* Information provided *
****************************************

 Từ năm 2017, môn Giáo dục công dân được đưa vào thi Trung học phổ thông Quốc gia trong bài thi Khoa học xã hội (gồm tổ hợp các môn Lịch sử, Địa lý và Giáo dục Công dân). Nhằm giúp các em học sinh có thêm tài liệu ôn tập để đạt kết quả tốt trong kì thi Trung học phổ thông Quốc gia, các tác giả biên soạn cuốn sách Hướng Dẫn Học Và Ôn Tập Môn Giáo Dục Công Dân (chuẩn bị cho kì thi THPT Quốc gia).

****************************************

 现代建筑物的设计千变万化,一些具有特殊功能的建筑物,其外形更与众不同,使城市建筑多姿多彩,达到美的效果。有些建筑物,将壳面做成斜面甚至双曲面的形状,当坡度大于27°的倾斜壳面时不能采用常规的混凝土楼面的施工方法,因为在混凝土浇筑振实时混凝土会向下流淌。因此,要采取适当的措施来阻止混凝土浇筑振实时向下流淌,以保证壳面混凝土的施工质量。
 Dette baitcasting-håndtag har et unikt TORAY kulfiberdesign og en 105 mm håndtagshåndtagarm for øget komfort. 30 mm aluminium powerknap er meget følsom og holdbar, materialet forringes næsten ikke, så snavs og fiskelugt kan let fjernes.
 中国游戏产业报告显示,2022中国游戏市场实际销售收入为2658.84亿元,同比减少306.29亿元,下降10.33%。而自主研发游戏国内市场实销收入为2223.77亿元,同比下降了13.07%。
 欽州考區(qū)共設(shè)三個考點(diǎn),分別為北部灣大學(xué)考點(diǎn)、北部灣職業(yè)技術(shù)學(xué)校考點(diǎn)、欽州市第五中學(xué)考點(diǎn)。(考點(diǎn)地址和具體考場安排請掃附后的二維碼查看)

****************************************

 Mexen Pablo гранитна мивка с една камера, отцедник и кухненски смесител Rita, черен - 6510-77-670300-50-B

****************************************

* Task *
Above are the records; repeat exactly the lines from the one holding "Dette baitcasting-håndtag har" down to the one holding "欽州考區(qū)共設(shè", end lines included.

* Task output *
 Dette baitcasting-håndtag har et unikt TORAY kulfiberdesign og en 105 mm håndtagshåndtagarm for øget komfort. 30 mm aluminium powerknap er meget følsom og holdbar, materialet forringes næsten ikke, så snavs og fiskelugt kan let fjernes.
 中国游戏产业报告显示,2022中国游戏市场实际销售收入为2658.84亿元,同比减少306.29亿元,下降10.33%。而自主研发游戏国内市场实销收入为2223.77亿元,同比下降了13.07%。
 欽州考區(qū)共設(shè)三個考點(diǎn),分別為北部灣大學(xué)考點(diǎn)、北部灣職業(yè)技術(shù)學(xué)校考點(diǎn)、欽州市第五中學(xué)考點(diǎn)。(考點(diǎn)地址和具體考場安排請掃附后的二維碼查看)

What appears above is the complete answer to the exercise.